Your rhetoric would be expected from somebody who just can't see why this would not at all be an entertaining TAS. But people are different. OoT, SM64, SMB3, SMW and a handful other games have such a holy cow status that every time when somebody considers a TAS of any of them extremely unentertaining—and it's not exactly hard to see why—the fans feel the need to defend it and invalidate the "unacceptable" opinion. The act of which, for me, is a load of horseshit.
rog wrote:
You should only watch and rate runs that you think you'll rate higher than at least 1 or so, yes.
What other people should or shouldn't do is not up for you to decide. This "I know better" kind of attitude gets on my bad side all too easily these days; soon I'll stop asking nicely.
MrGrunz wrote:
Why don't you simply do the same, Cardboard?
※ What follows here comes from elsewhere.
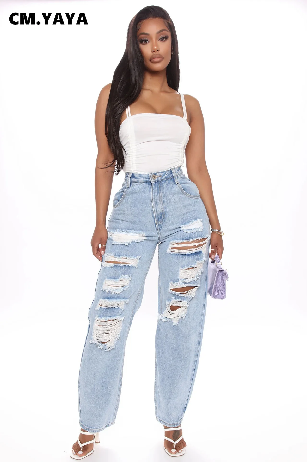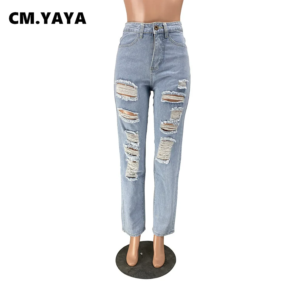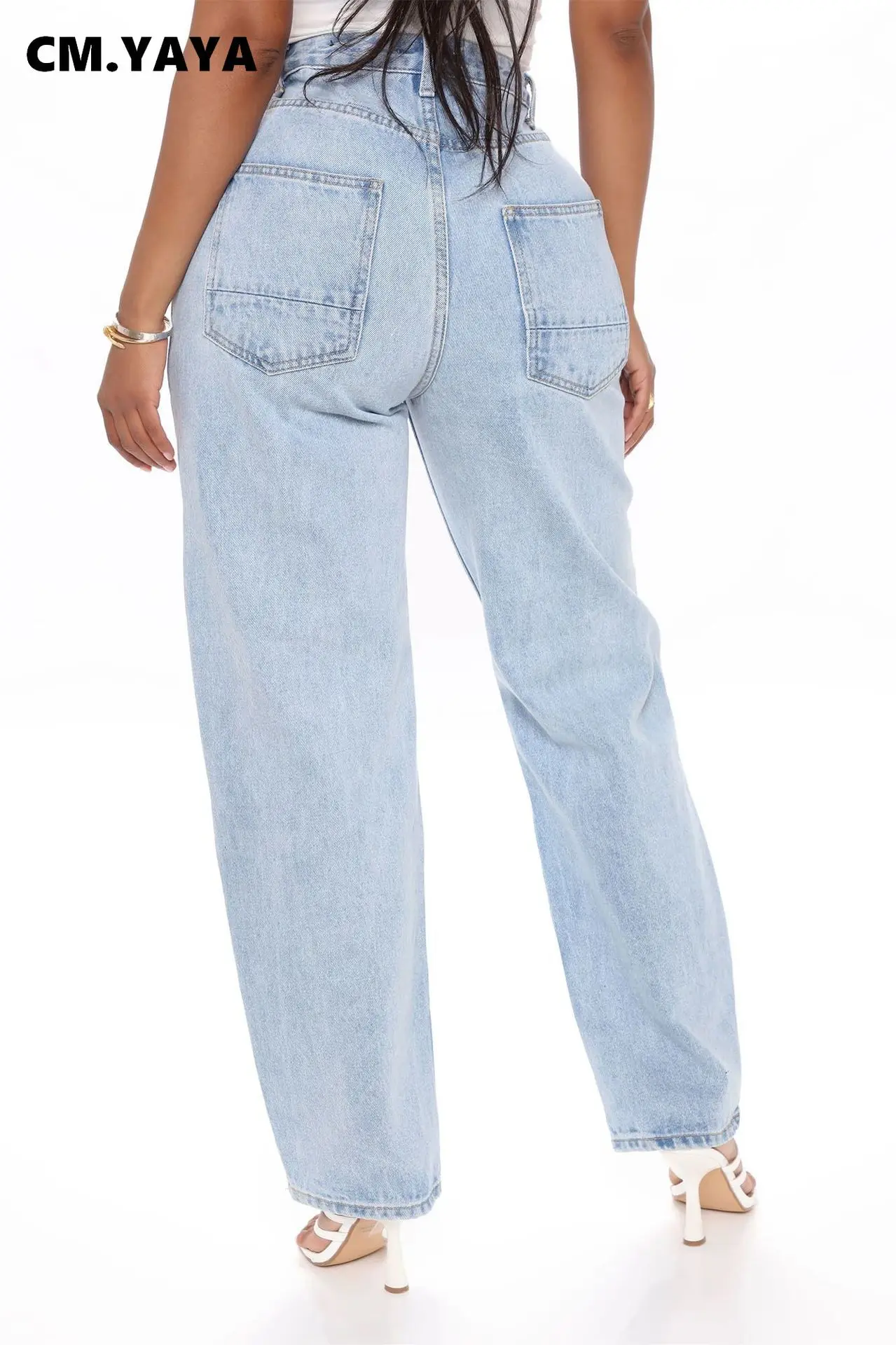 CM.YAYA Cut Out Hole Washed Denim Pants Women Retro Straight Jeans Trousers Streetwear High Waist Lady Pants

Because he (and Saethori, for that matter) chooses not to. Some people like surprises, so they subject themselves to things that don't always promise entertainment. Some are completionists, some are just omnivores. It's not your nor anybody else's business how they choose to spend their time.
Saethori wrote:
...Which, in turn, means the ratings currently up do not reflect my honest view of the video. At this point, I would rather put up false ratings than get harassed further.
Which is upsetting at the very least. I try not to waddle through the mess that is OoT threads, but it seems I now have to devote more time to it to shoot down attempts to boss other people around; reading these are very similar in spirit to watching unentertaining movies rather than stopping midways or avoiding them outright. I agree that Swordless had a moral right to know the reason for the low(er) tech rating, but the discussion shouldn't have escalated much further, definitely not to this point.
you are seriously the worst poster. just the absolute worst person on this site. it's astounding that you're a moderator, or that people even read what you say at all. i hope i'm entitled to my opinion, even if you disagree with it.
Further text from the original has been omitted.